A SparseTensor with the same shape as the input and M non-empty elements corresponding to the true positions in to_retain.

Raises:
  • TypeError: If sp_input is not a SparseTensor.

tf.sparse_fill_empty_rows(sp_input, default_value, name=None)

Fills empty rows in the input 2-D SparseTensor with a default value.

This op adds entries with the specified default_value at index [row, 0] for any row in the input that does not already have a value.
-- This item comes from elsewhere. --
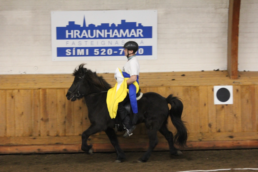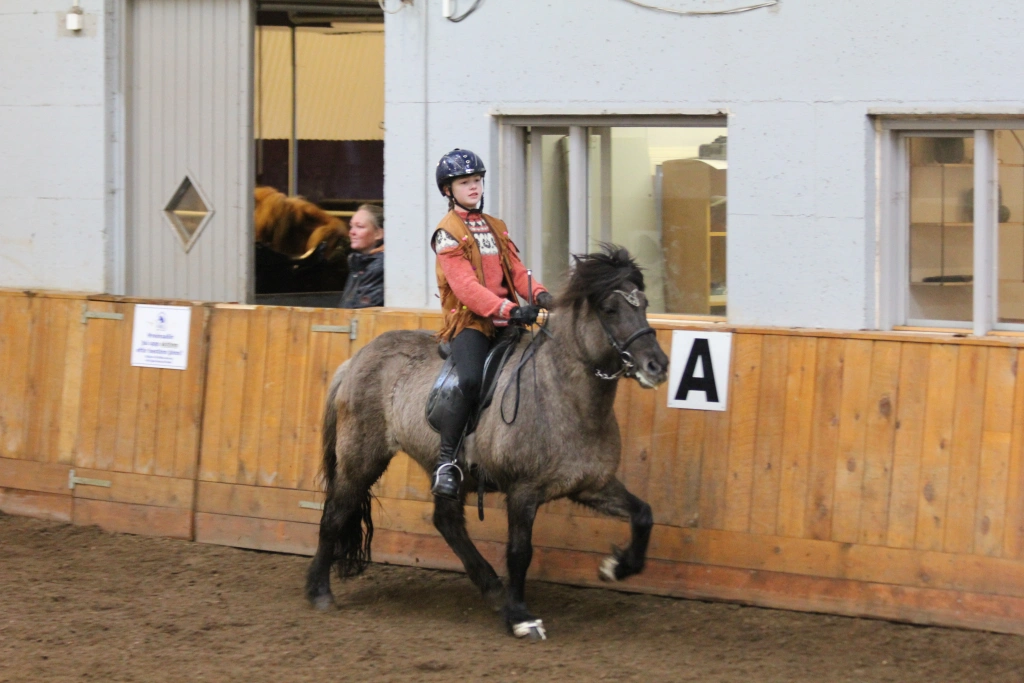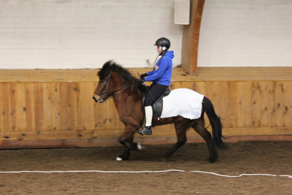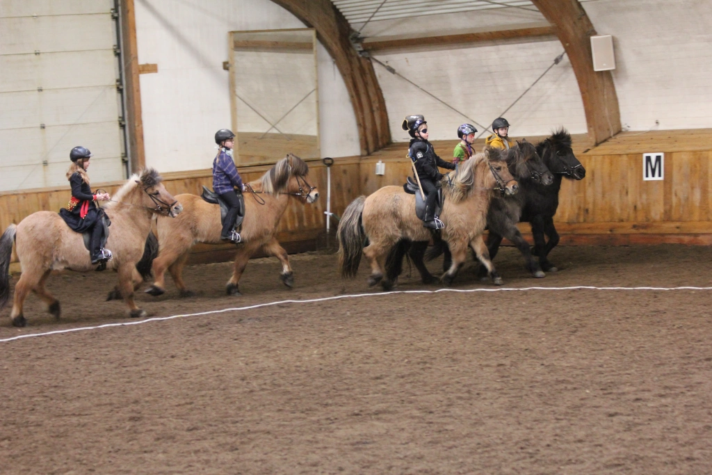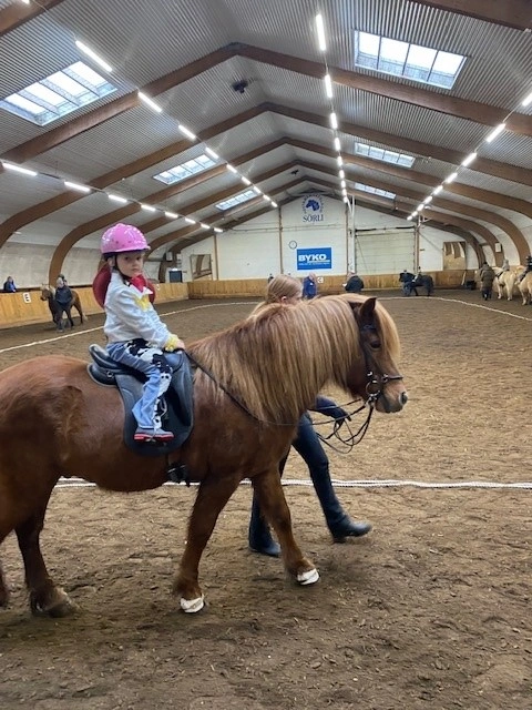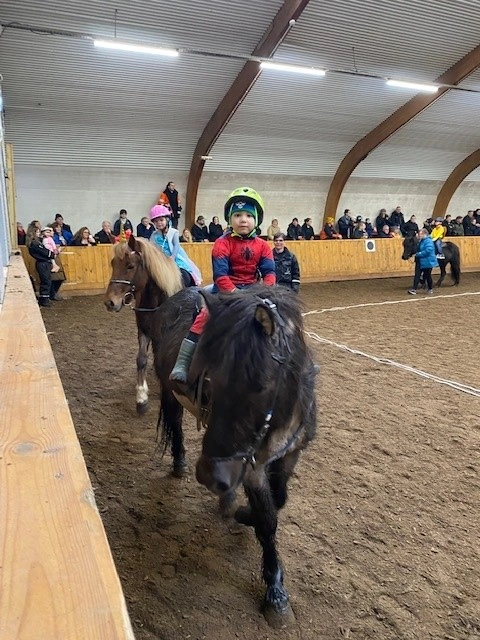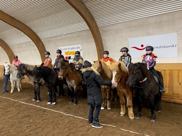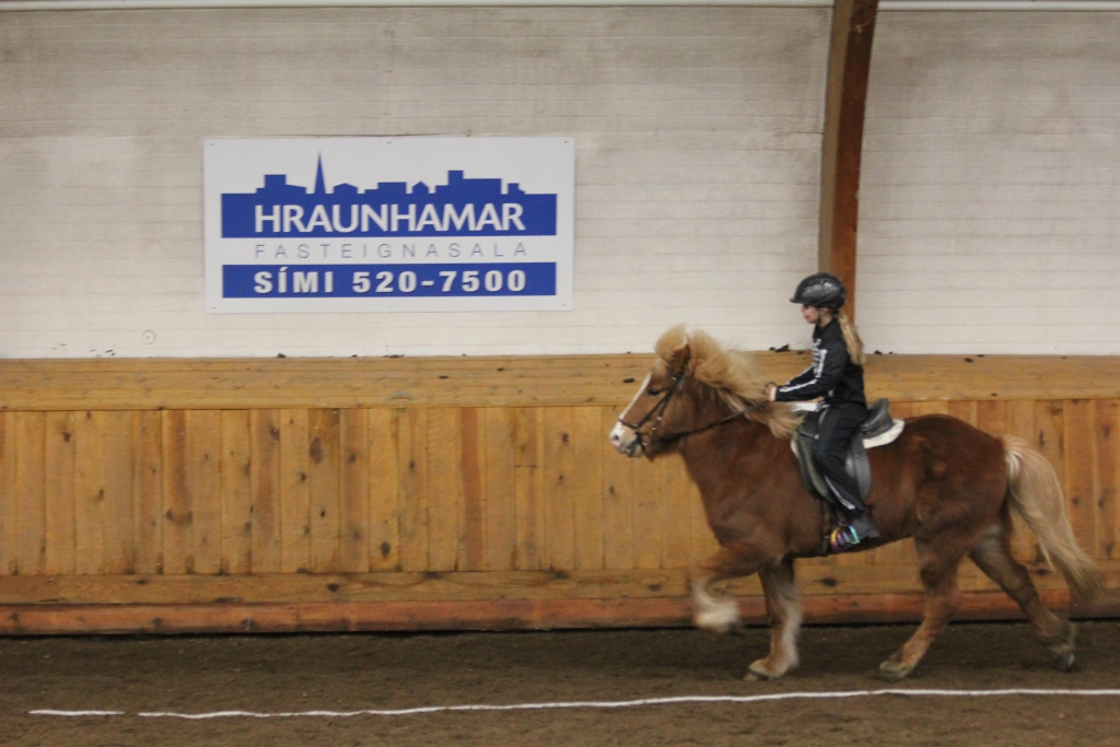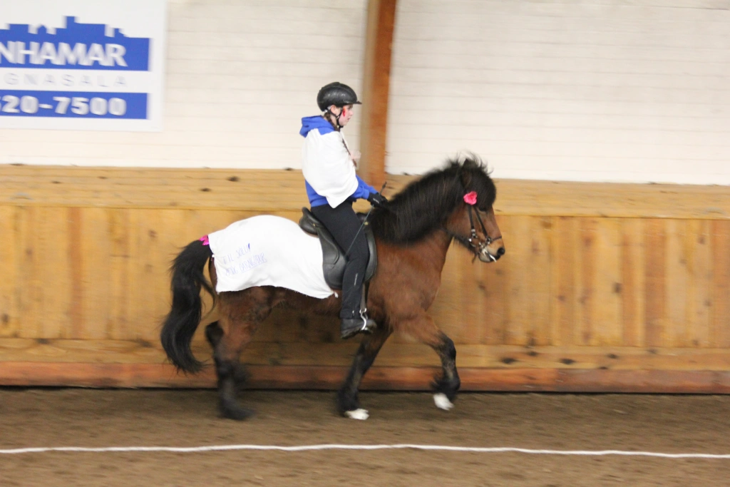 Hún Margrét Rós Jónsdóttir á Víkingi frá Ási var yngsti knapi leikanna aðeins 6 mánaða gömul. En það voru 14 teymdir pollar og 7 pollar sem riðu hring eftir hring á tölti eða brokki hvert öðru flottara.

For example, suppose sp_input has shape [5, 6] and non-empty values:

[0, 1]: a
[0, 3]: b
[2, 0]: c
[3, 1]: d

Rows 1 and 4 are empty, so the output will be of shape [5, 6] with values:

[0, 1]: a
[0, 3]: b
[1, 0]: default_value
[2, 0]: c
[3, 1]: d
[4, 0]: default_value

Note that the input may have empty columns at the end, with no effect on this op.

The output SparseTensor will be in row-major order and will have the same shape as the input.

This op also returns an indicator vector such that

empty_row_indicator[i] = True iff row i was an empty row.
Args:
  • sp_input: A SparseTensor with shape [N, M].
  • default_value: The value to fill for empty rows, with the same type as sp_input.
  • name: A name prefix for the returned tensors (optional)
Returns:
  • sp_ordered_output: A SparseTensor with shape [N, M], and with all empty rows filled in with default_value.
  • empty_row_indicator: A bool vector of length N indicating whether each input row was empty.
Raises:
  • TypeError: If sp_input is not a SparseTensor.